Finally, protected classes are only the tip of the iceberg. There are a range of other Siri/Alexa parodies that include personality-based reimaginations of Siris (Sean Connery Siri, Morgan Freeman Siri, Justin Bieber Siri, Trump Siri...) as well as Siris/Alexas remimagined in terms of other socially relevant identities, such as political identity (e.g. "Amazon’s Alexa is a CRAZY SJW LIBERAL! | Louder With Crowder" [4.8M views], "Alexa is Woke on Communism"), and region (e.g. “If GPS Navigation was Southern” by This is Alabama [107k views, uploaded Jan 23, 2017]).
It's my hope that the analysis provided in this webtext creates analytic focus, a wide time span of videos (2011-2017), and hopefully enough explanatory value to makes legible the ways many other ongoing parodies are operating. This is largely a question for future research. However, I will note that companies have themselves been getting into the parody game. In 2017, Amazon released a Superbowl commercial:
Superbowl commercial screenshot (as of Jan 2019, original no longer available on Amazon's YouTube account)

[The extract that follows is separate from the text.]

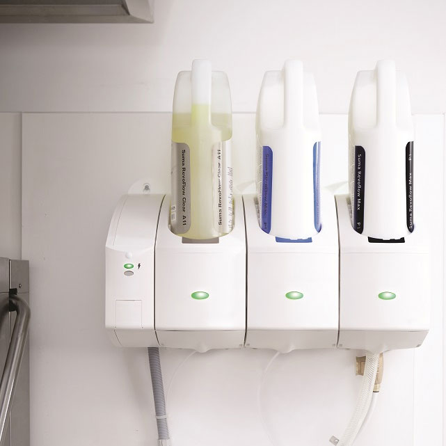 Suma Revoflow è l'innovativa apparecchiatura di dosaggio per i prodotti Revoflow liquidi e in polvere per il lavaggio meccanico delle stoviglie. Suma Revoflow è versatile e il dosaggio può essere a controllo conduttimetrico, proporzionale o temporizzato. I parametri di funzionamento vengono impostati tramite il programmatore digitale Uniview dal personale tecnico Diversey.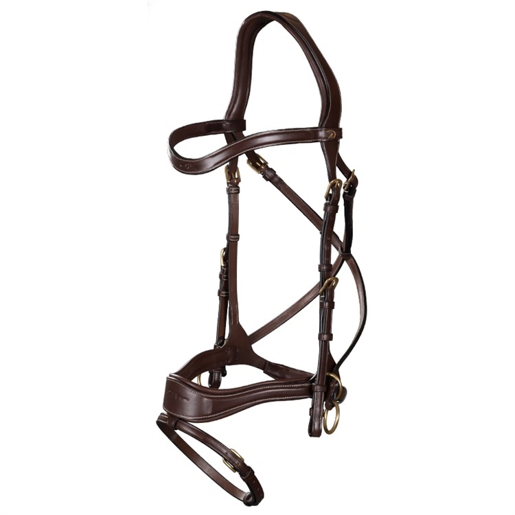 Daarnaast is het hoofdstel voorzien van witte stiksels en messing gespen.

and several accompanying short videos reimagining Alexa as being operated by various celebrities. Preliminary research shows that these videos have functioned much differently than the "bottom-up" videos treated in this webtext. Apple and IBM have been achieving a similar effect of conceptualizing conversational agents as tools when they refer to Siri and Watson as platforms.

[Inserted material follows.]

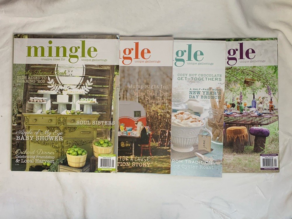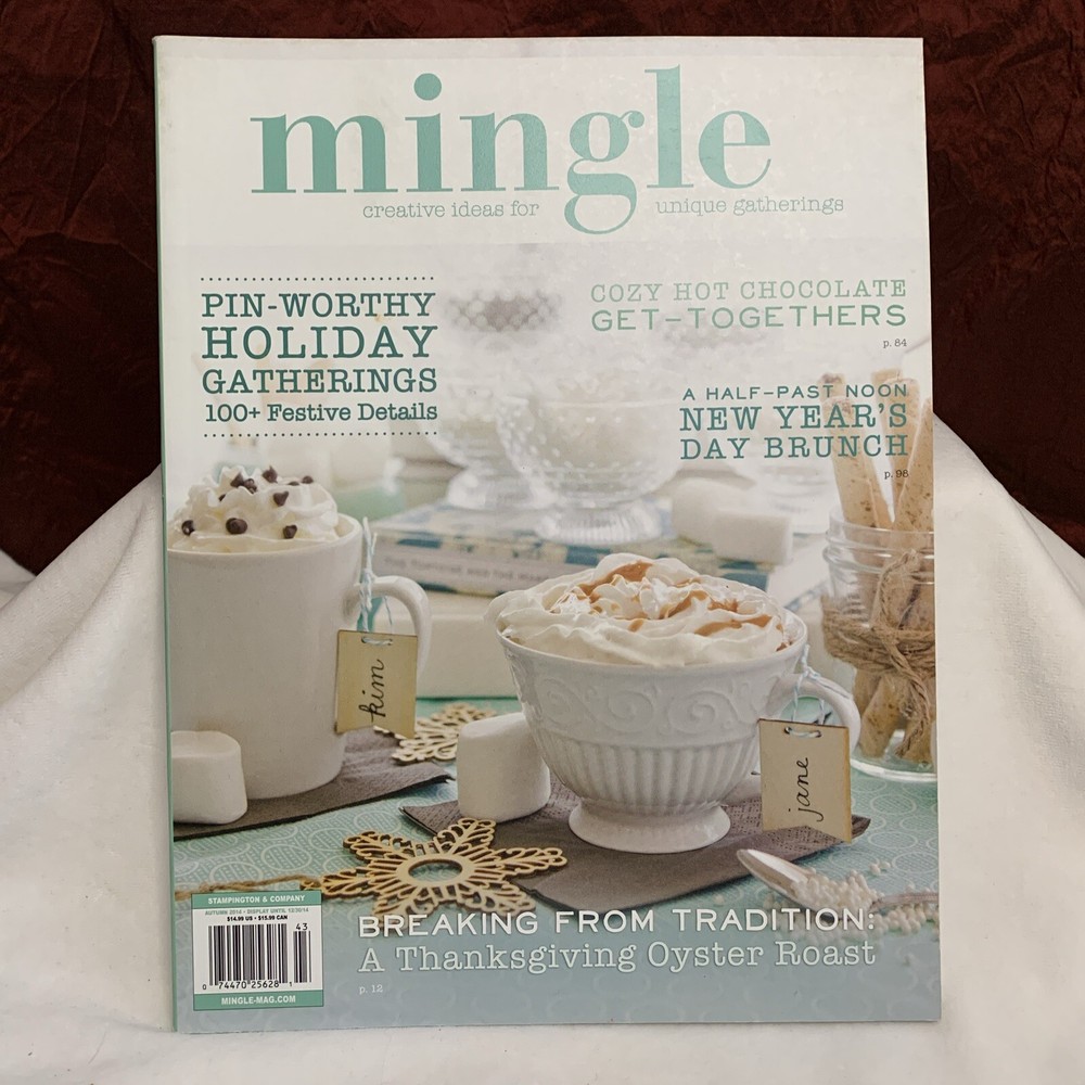 The product is a magazine titled "Mingle" published by Stampington & Co in 2014. It focuses on hobbies & crafts and women's interests, offering creative ideas for unique gatherings throughout all four seasons of the year. The magazine covers topics related to creativity, crafts, and women's interests. Lots of interesting articles and information. These magazines are in like new condition.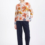 Het schilderachtige IVKO vest met bloemenpatroon doet denken aan een zomers schilderij vol bloemen. Tegen de levendige beige achtergrond verschijnen expressieve bloemen in tinten geel, oranje en blauw. De vormen lijken bijna met een penseel op de stof te zijn aangebracht, waardoor het vest een artistieke en levendige uitstraling krijgt.

I made two exceptions for the sake of wider inclusion: "Mormon Siri" (41k views) and "The Jewish Siri" (40k views). I made a partial exception to include "If Siri Was MEXICAN [PART 3]": at the time of data collection, it only had 66k views; by Jan 2019, that grew to 855k (and the series had continued, to a Part 4, not included in this analysis.)

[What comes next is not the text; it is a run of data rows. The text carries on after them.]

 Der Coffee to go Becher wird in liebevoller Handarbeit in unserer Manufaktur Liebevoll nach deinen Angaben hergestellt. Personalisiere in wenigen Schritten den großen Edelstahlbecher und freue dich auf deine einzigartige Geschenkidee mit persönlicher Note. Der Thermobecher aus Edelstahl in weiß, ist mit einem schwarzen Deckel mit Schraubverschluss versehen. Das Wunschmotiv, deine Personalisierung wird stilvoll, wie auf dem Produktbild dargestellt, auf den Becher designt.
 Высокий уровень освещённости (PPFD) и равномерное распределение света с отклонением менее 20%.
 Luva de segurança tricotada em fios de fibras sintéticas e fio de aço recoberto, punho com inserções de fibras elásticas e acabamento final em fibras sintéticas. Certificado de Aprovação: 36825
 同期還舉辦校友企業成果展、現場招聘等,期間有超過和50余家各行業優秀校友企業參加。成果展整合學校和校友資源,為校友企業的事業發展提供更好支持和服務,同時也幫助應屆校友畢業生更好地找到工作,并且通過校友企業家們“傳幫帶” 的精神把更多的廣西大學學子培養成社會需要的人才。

The three-part series "If Siri was Mexican" has several age-based examples of attention to family. In all of these, Siri enforces family protocols. She doesn't participate in activities that don't have parental permission:
"Siri, text Eric that I'll be there for the party." "Did you ask your mom for permission?" "No, I'm 23, I don't need to." "You still live at home pendejo, so ask for permission." [Part 3]
When she does, she uses guilt to try to dissuade actions that could make the mother feel abandoned:
"Text my mom that I'm gonna be out late today." "Okay, texting La Llorona that you're going to be out late." "What? No no no no no." [Part 2. This refers to a fable about a mother weeping for her children]
Or even threatens to tattle on someone:
"Siri, open YouTube." "Okay, I'll let Cucuy know you want to watch YouTube instead of clean your room." [Part 3]
"Give me directions to Michael's house." "Did you do your chores?" "Uh, no." "Calling mom." [Part 2]
She also knows that parental anger is a lingering threat:
"Siri, can you tell me a scary story?" "Once upon a time, a little boy forgot to turn off the stove for the beans and his mom came home." [Part 2]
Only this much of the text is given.